Patrick Gooch watched his iPad as the email containing the PDF slowly — too slowly — opened.
The first sentence read, “Congratulations.” And excitement ensued.
His girlfriend thought something was wrong from the commotion, but Gooch, a Hamburg, Erie County, resident, had just learned he passed the New York State Bar examination. On this day, after taking the oath of office, Gooch still is excited.
“It’s a little overwhelming,” Gooch said. “I feel a weight off my shoulders, but another weight on my shoulders at the same time — a lot of responsibility.”
Gooch and 276 others were admitted Thursday to the state bar as part of a ceremony in the Appellate Division, Fourth Department.
The Hon. Henry J. Scudder, presiding justice of the Appellate Division, Fourth Department, Diane M. Cecero, president of the Monroe County Bar Association and general counsel at Monroe Community College, and David M. Schraver, president of the New York State Bar Association and partner at Nixon Peabody LLP, spoke at the ceremony.
“You enter the profession at an interesting time of change and challenge,” Schraver told the newcomers. “And I wish you personal happiness as well as success.”
Responsibility was a prevalent theme for Schraver, who told the new attorneys of the core values of the bar that come in three categories: Access to justice, independence of the legal profession and of the courts and rule of law.
The first is one reason lawyers are urged to provide pro bono legal services to benefit the poor and to contribute financially to organizations that provide legal services to the poor, he said.
Lawyers also are responsible for knowing and observing the rules of professional conduct, and neglecting those rules compromises the independence of the profession and the public interest it serves, he said.
The country’s legal system is the envy of the world, but Schraver noted the need to increase diversity in the legal profession and the justice system to more fully reflect and represent the nation’s increasingly diverse society.
“We cannot have an us-and-them legal system if we expect all citizens to respect the rule of law,” Schraver said.
Cecero, who not only is active in the county and state bar but also the Greater Rochester Association for Women Attorneys and Women’s Bar Association of the State of New York, spoke on the benefits of active participation in these legal organizations.

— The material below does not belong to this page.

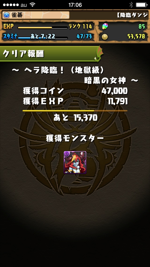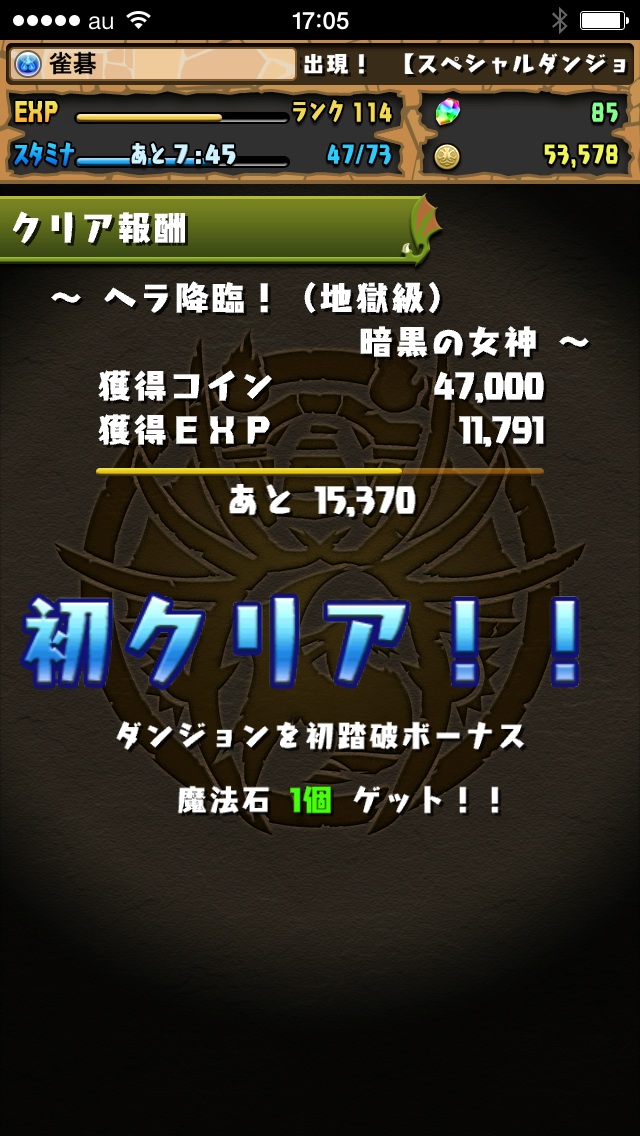ってことでヘラ降臨初クリア!!です

The Monroe County Bar Association offers educational, leadership, social and volunteer opportunities for not only new attorneys but all attorneys, she said.
“Through my many years as a bar member, I’ve been mentored and I’ve been a mentor,” Cecero said. “I’ve developed lifelong friends and become a better lawyer.”
Promising careers lie ahead for some, but not before each basks in what has accomplished through the long years of schooling and study.
Deb Wechselblatt of Rochester said it took a while for the reality to sink in, but the feeling is great.
“It’s been this incredibly long process so it feels really nice to finally be able to say, ‘Yes, I’m an attorney,’” she said.